Key Box and its officers acknowledge that if Whetstone and William Lloyd's conduct is found to be on behalf of the corporation, that finding would trigger respondeat superior liability, which would preclude insurance coverage for automobile related incidents. Nevertheless, twisting logic on its head, Key Box and its officers want SIC to defend them because it has not been factually shown whether Whetstone and William Lloyd were acting for the benefit of the corporation or acting outside of any possible respondeat superior theory. I find that SIC has no obligation to defend Key Box or its representatives because the only theory of liability described in the complaint is specifically excluded from coverage in the policy. There is nothing ambiguous about the breadth of the exclusion.

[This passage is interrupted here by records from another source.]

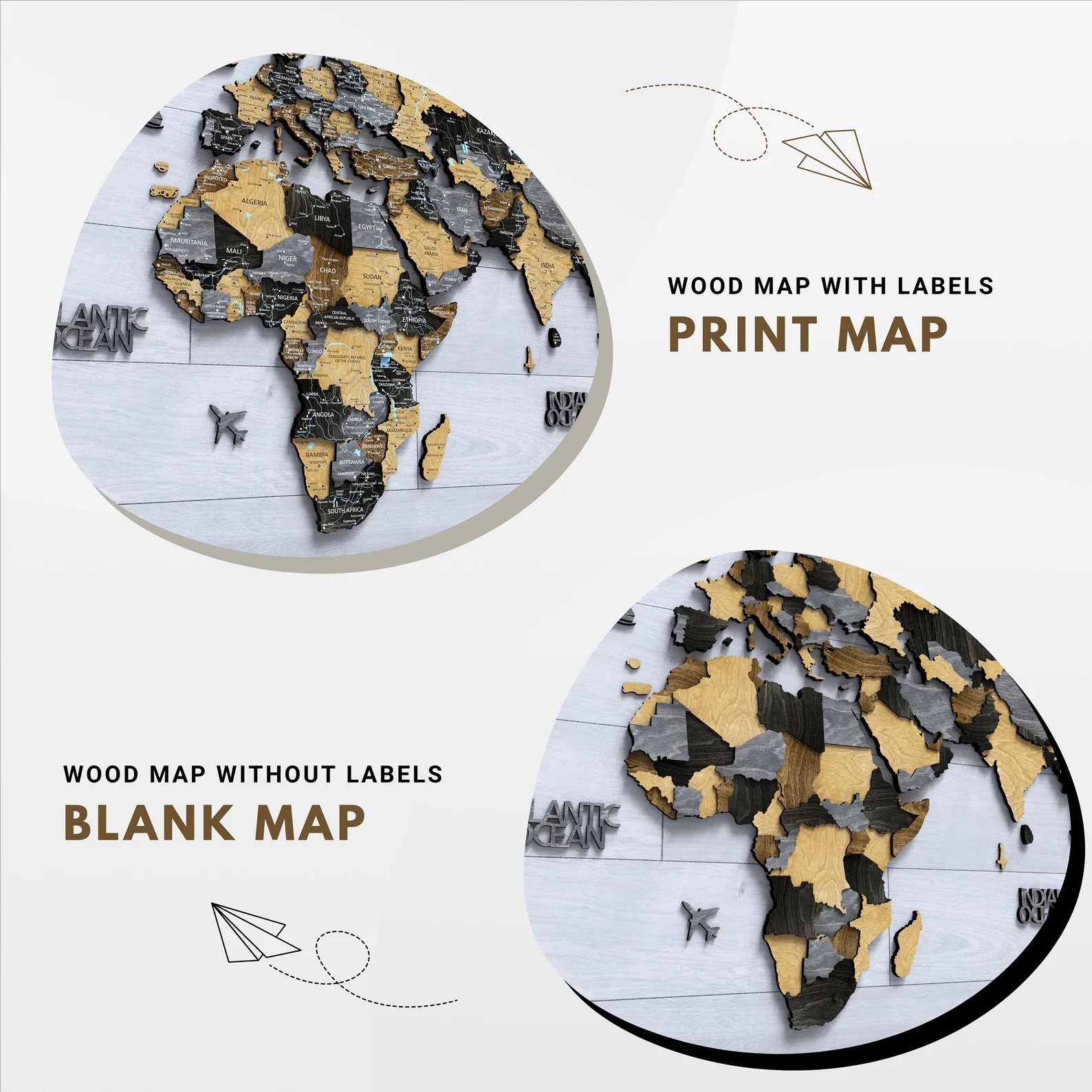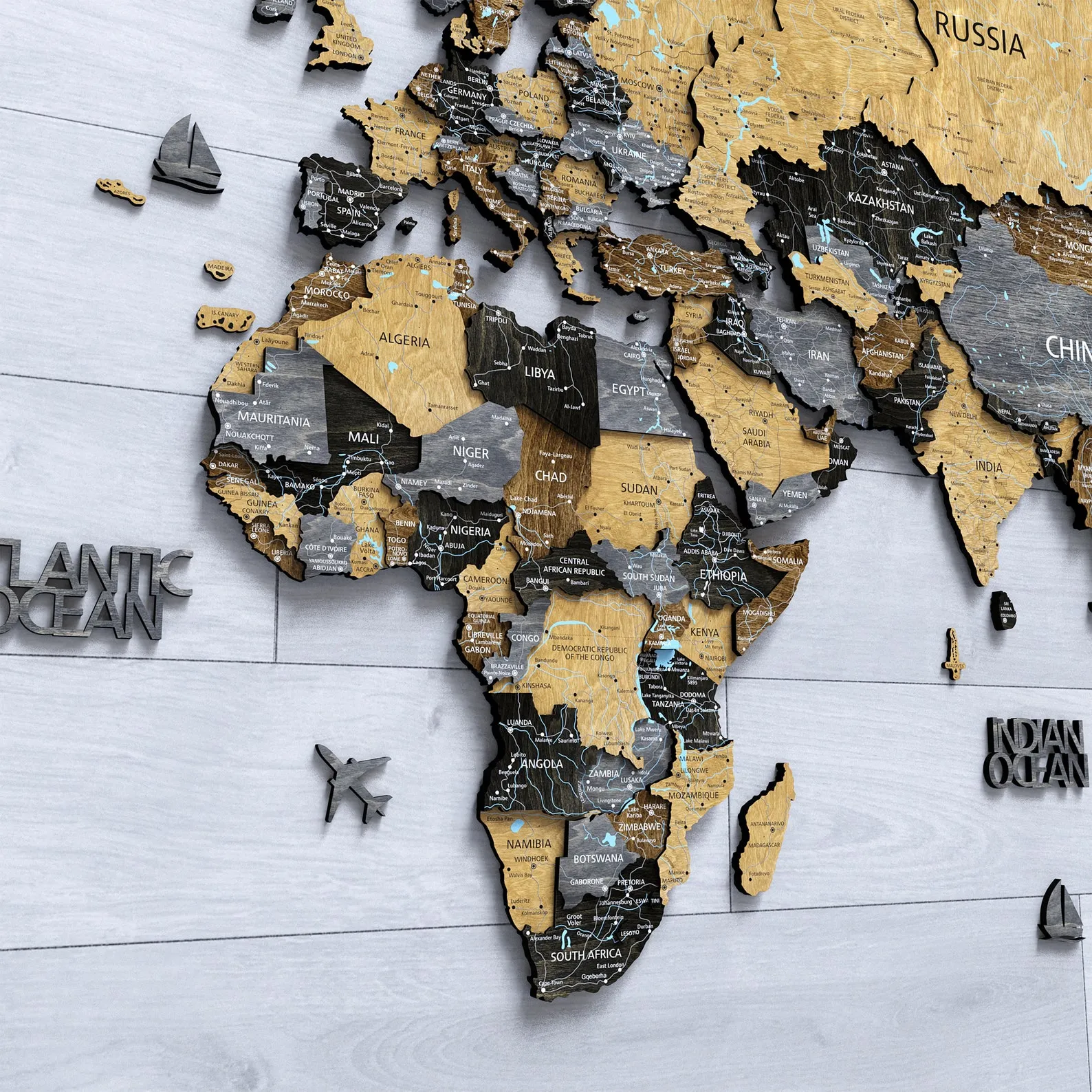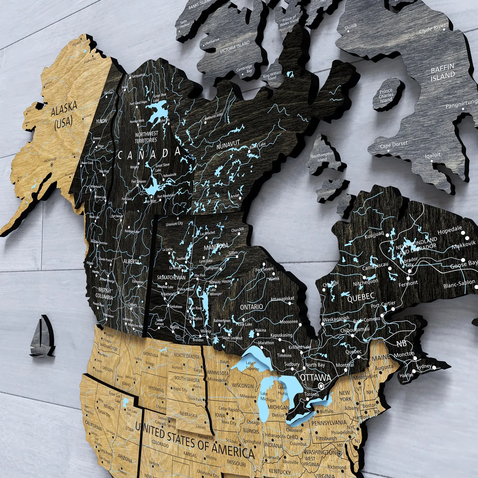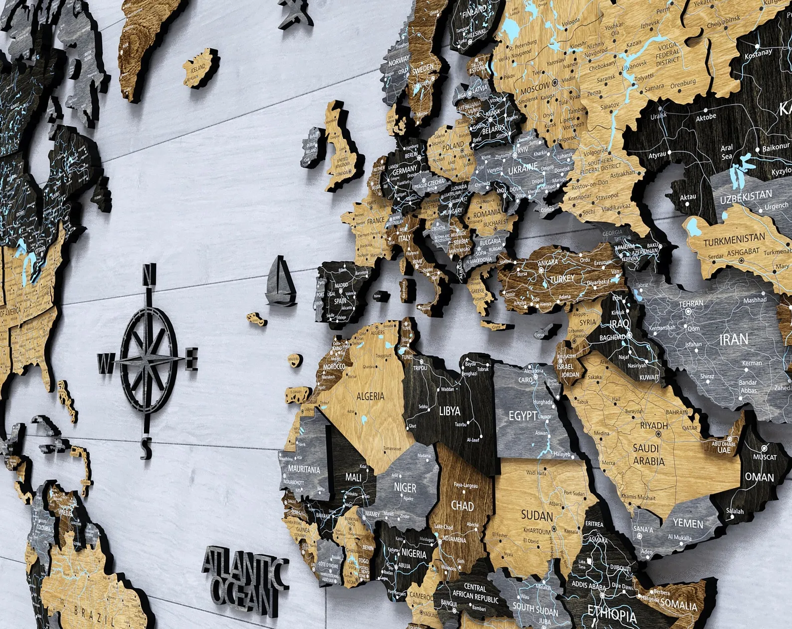 Detailed. Wood Map with detailed print.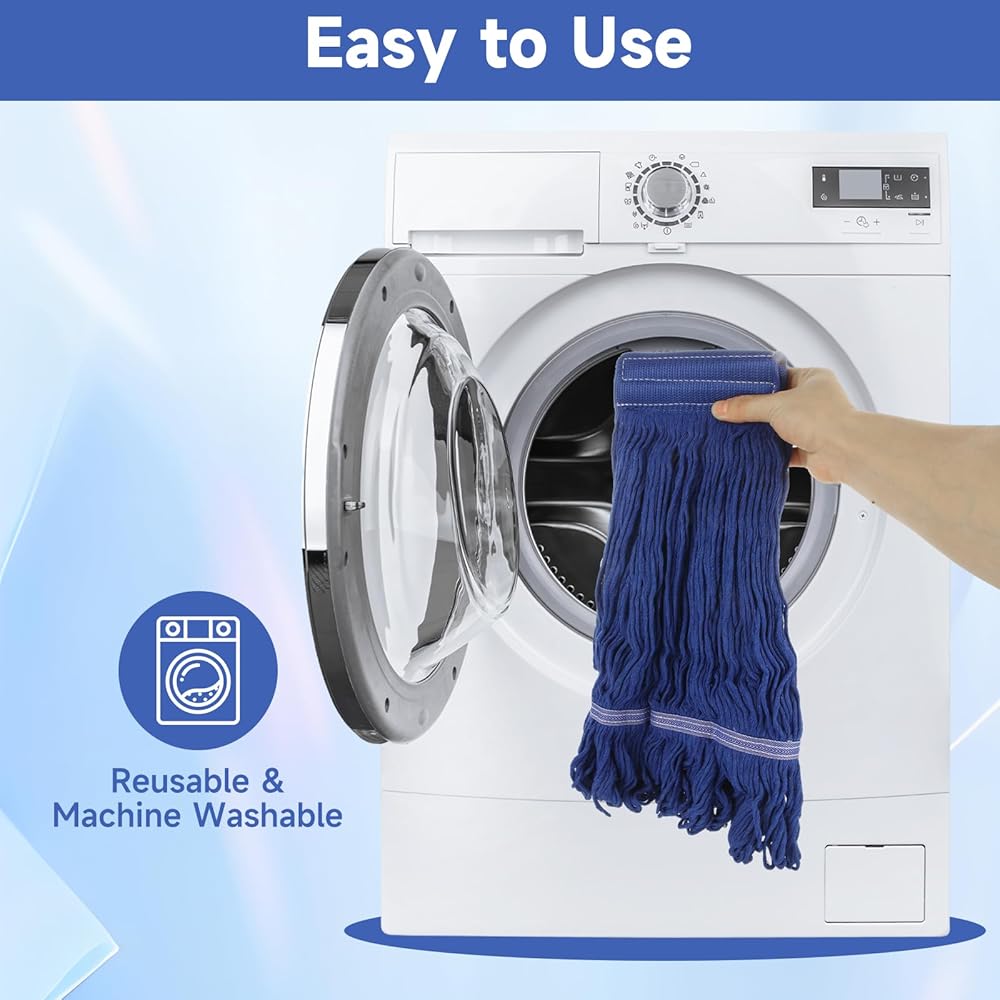Easy to clean and maintain, the replacement mop head is washable and machine washable for durability. The long-lasting fibers allow the commercial heavy-duty mop head to be washed multiple times, making it last even longer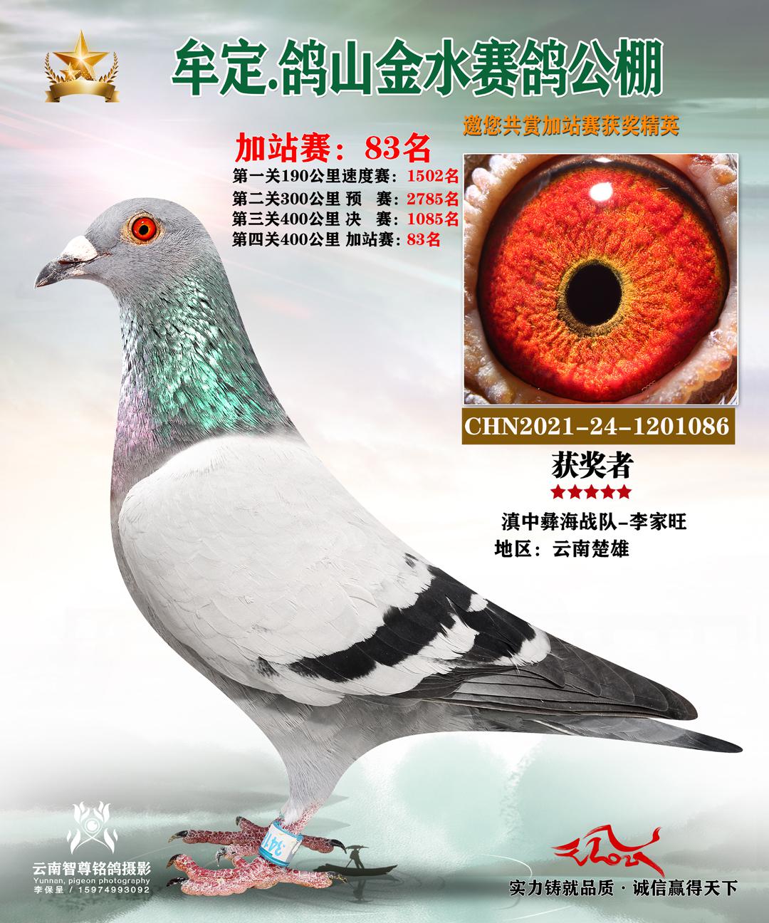 云南牟定鸽山金水信鸽养殖有限公司加站赛获奖鸽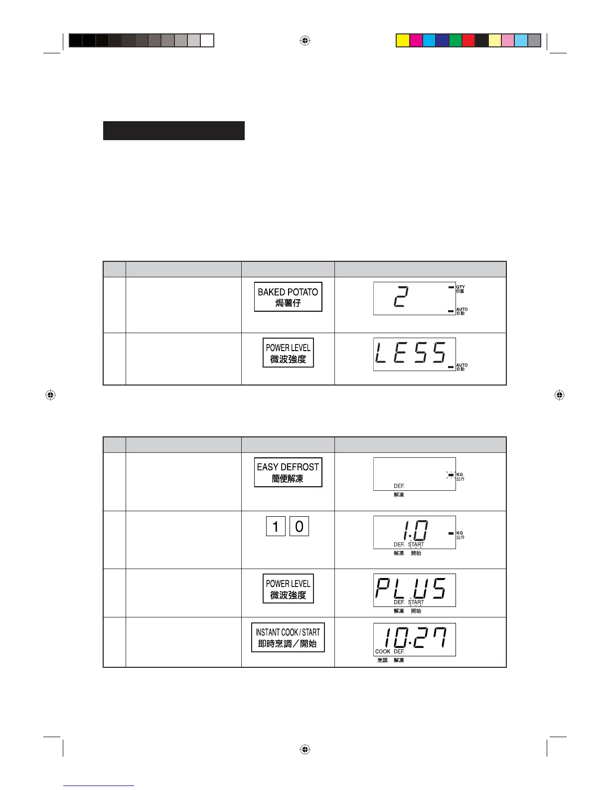 自動烹調指南中的烹調時間是按一般的口味而設定。若想要將烹調時間根據個人喜好加以調整﹐可按微波強度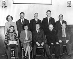 Description :OFFICIERS AYANT MERITE UNE RECOMPENSE ET RECIPIENDAIRES D'UN PRIX DE PRESENCE PRENANT LA POSE DANS LE LOCAL DU PETIT THEATRE. AU PREMIER PLAN, DE GAUCHE A DROITE: J.T. CARBONNEAU 1ER OFFICIER AYANT MERITE 25.00$; MARGARET FOY, 10.00$; LEONARD ...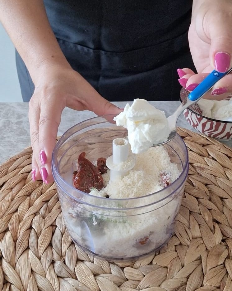 Zuallererst kümmern Sie sich um das Pesto auf diese Weise: Legen Sie die getrockneten Tomaten in einen Mixer, zusammen mit den Pinienkernen, der Ricotta, dem Basilikum und dem extra nativen Olivenöl.

Delaware courts have established that an automobile exclusion contained in a liability policy may validly preclude coverage for damages arising out of an automobile accident. In Snow v. Home Insurance Company, an insurance company objected to an insured's attempt to use its homeowner's insurance to cover a negligent entrustment claim arising out of an automobile accident. The policy in that case contained a similar express exclusion of coverage for damages arising out of the use of a motor vehicle. Finding that the language contained in the insurance policy was clear and unambiguous, the Court ruled that the insurance company was not required to defend the insurance claimant on a negligent entrustment claim. Snow relied heavily on Insurance Company of North America v. Waterhouse, M.D., where a similar question was presented. The case involved a homeowner's insurance policy containing a similar auto exclusion as found in this case. The Superior Court engaged in a multi-jurisdictional review to arrive at its final decision. The court determined that the policy could not be read broadly enough to provide coverage for a negligent entrustment claim. The court found that "[w]hile it is laudable to attempt an expansive reading of the policy in an effort to provide the insured with maximum coverage, the clear language of the exclusion cannot be tortured to achieve that result. . . ." The clear language of the automobile exclusion in this case requires the same result.
Snow v. Home Ins. Co., 1982 Del. Super. LEXIS 977, *1-2 (1982).
Id. at 2.
Id.
424 A.2d 675 (Del.Super. 1980).
Id. at 680.
Id. at 680-82.
Id. at 683.
Id. at 682.
SIC provided general liability insurance for Key Box, its officers and directors. The policy unambiguously excluded coverage for damages arising out of automobile accidents. Delaware has reviewed the inclusion of auto exclusion provisions in insurance agreements and found them enforceable.
Nothing in the facts before this Court indicate that SIC should be held responsible for defending or indemnifying Key Box, its owners, officers or employees. The policy cannot be extended to cover those damages. For the aforementioned reasons, SIC's Motion for Summary Judgment is GRANTED.